GEO database (GSE97332) was adopted to identify differentially expressed circRNAs in HCC tissues compared with normal tissues adjacent to HCC. According to the criteria (log₂|fold change |>2, P<0.05), there were 149 differentially expressed circRNAs in HCC tissues, of which 98 circRNAs were up-regulated and 51 circRNAs were down-regulated (Figure 1A). Circ_0000098 expression in HCC tissue was lower than that in normal tissues (Figure 1B). Circ_0000098 was derived from exons 3, 4, 5, 6, 7, and 8 of SLC30A7 gene (Figure 1C) (14). qRT-PCR indicated that circ_0000098 expression was markedly lower in HCC tissues than that in adjacent tissues (Figure 1D). Also, circ_0000098 expression in HCC cell lines, compared with that in HL-7702 cells, was significantly down-regulated (Figure 1E). To verify the circular structure of circ_0000098, we carried out RNase R treatment experiments in Huh7 and SMMC-7721 cells and found that circ_0000098 was resistant to RNase R while the expression of GAPDH mRNA was decreased significantly after RNase R treatment (Figure 1F). Furthermore, random primers or oligo (dT)₁₈ primers were used to perform reverse transcription with total RNAs extracted from Huh7 and SMMC-7721 cells. The results showed that when oligo (dT)₁₈ primers were used, the relative expression of circ_0000098 was significantly lower than when random primers were used, while the expression of linear SLC30A7 mRNA did not change significantly (Figure 1G). This indicated that circ_0000098 did not contain 3’ polyadenylated tail. In addition, actinomycin D assay demonstrated that circ_0000098 had a longer half-life time in Huh7 and SMMC-7721 cells compared with linear SLC30A7 mRNA (Figure 1H). This indicated that circ_0000098 was more stable than linear SLC30A7 mRNA. Besides, the Fisher’s exact test showed that the low expression of circ_0000098 was associated with the larger tumor size of HCC patients (Table 2). The results suggested that circ_0000098 might be related to the progression of HCC.

FIGURE 1

Figure 1 The expression of circ_0000098 was significantly down-regulated in HCC tissues and cells. (A) Volcano plot was used to show the expression changes of circRNAs in HCC tissues and normal tissues adjacent to cancer. CircRNAs whose expressions were significantly increased were marked in red, and those whose expressions were significantly decreased were marked in blue. (B) Heatmap showed differentially expressed circRNAs in HCC tissues relative to adjacent normal tissues. Red and blue colors indicate high-expression and low-expression, respectively. (C) The schematic diagram of circ_0000098 formation from SLC30A7 exons. (D) The expression of circ_0000098 in HCC tissues and adjacent tissues was detected by qRT-PCR. (E) qRT-PCR was used to detect the expression of circ_0000098 in HCC cells and HL-7702 cells. (F) Circ_0000098 and GAPDH mRNA expressions were detected by qRT-PCR after RNase R treatment, so as to determine the circular characteristics of circ_0000098. (G) The expressions of circ_0000098 and linear SLC30A7 mRNA were detected by qRT-PCR after total RNA was reversely transcribed using random primers or oligo (dt)₁₈ primers. (H) The expressions of circ_0000098 and liner SLC30A7 mRNA were detected in Huh7 and SMMC-7721 cells by qRT-PCR after treatment with actinomycin (D) **P < 0.01 and ***P < 0.001.

TABLE 2

Table 2 Correlation between circ_0000098 expression and clinicopathological features in 34 HCC patients.

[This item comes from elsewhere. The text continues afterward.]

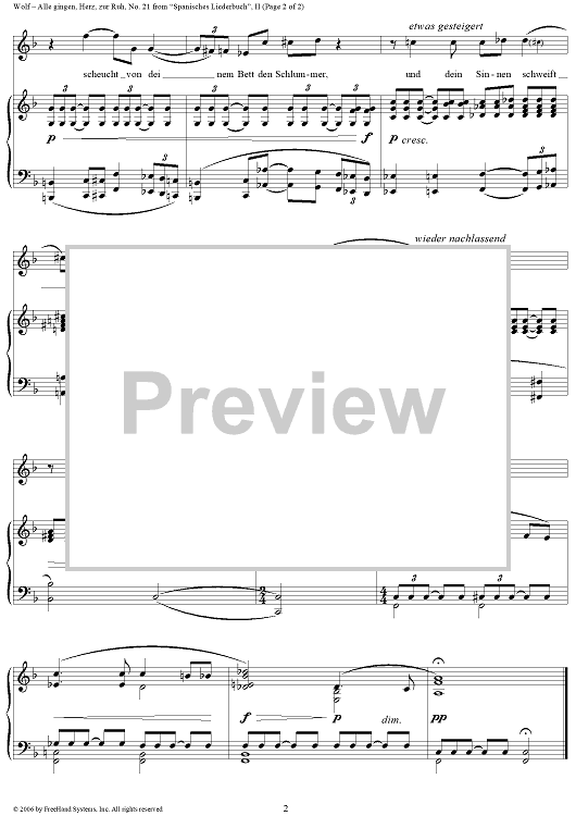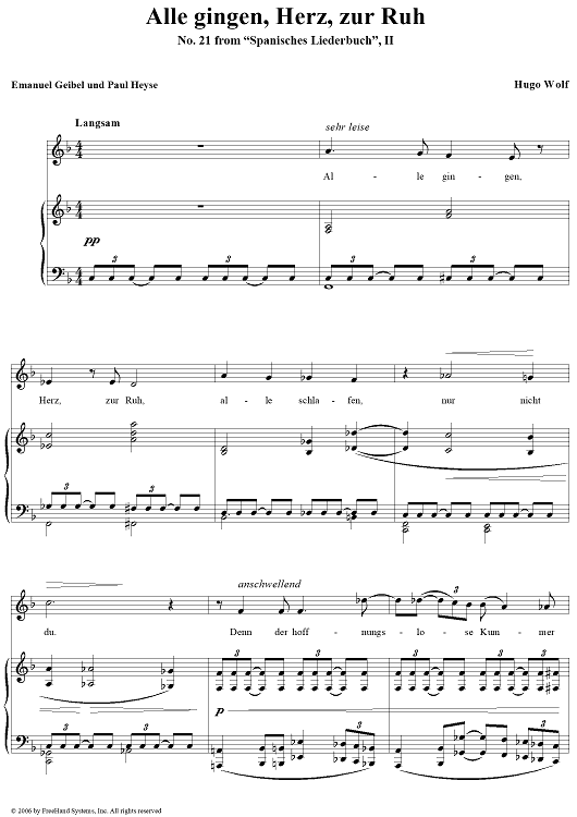 Digital Sheet Music for Alle gingen, Herz, zur Ruh, No. 21 from "Spanisches Liederbuch" II by Emanuel Geibel, Hugo Wolf, Paul Heyse scored for Voice/Piano; id:318815

Circ_0000098 Inhibited the Proliferation, Migration, Invasion, and EMT of HCC Cells

To pinpoint the biological function of circ_0000098 in HCC, we transfected Huh7 and SMMC-7721 cells with two siRNAs targeting circ_0000098 to construct cell models of circ_0000098 knockdown (Figure 2A). CCK-8, wound healing, and Transwell assays showed that knocking down circ_0000098 significantly promoted the proliferation, migration, and invasion of Huh7 and SMMC-7721 cells (Figures 2B–E). Western blot assay verified that knockdown of circ_0000098 decreased the expression level of E-cadherin and up-regulated the expression levels of N-cadherin and Vimentin (Figure 2F). On the other hand, we transiently transfected the circ_0000098 overexpression plasmid into Huh7 and SMMC-7721 cells. Overexpression of circ_0000098 significantly inhibited proliferation, migration, invasion, and EMT of Huh7 and SMMC-7721 cells (Supplementary Figures 1A–F). These data implied that circ_0000098 modulated the malignant biological behaviors of HCC cells in vitro.

FIGURE 2

Figure 2 Knocking down circ_0000098 promoted the proliferation, migration, and invasion of HCC cells. (A) qRT-PCR was used to detect the expression of circ_0000098 in Huh7 and SMMC-7721 cells after the transfection of si-circ_0000098#1 and #2. (B) CCK-8 assay was used to evaluate cell proliferation. (C) The migration ability of cells was detected by wound healing assay (Scale bar, 100 μm). (D, E) Transwell assay was used to detect cell migration and invasion (Scale bar, 250 μm). (F) Western blot assay was used to detect the expression levels of E-cadherin, N-cadherin, and Vimentin in Huh7 and SMMC-7721 cells with down-regulated circ_0000098 expression. **P < 0.01 and ***P < 0.001.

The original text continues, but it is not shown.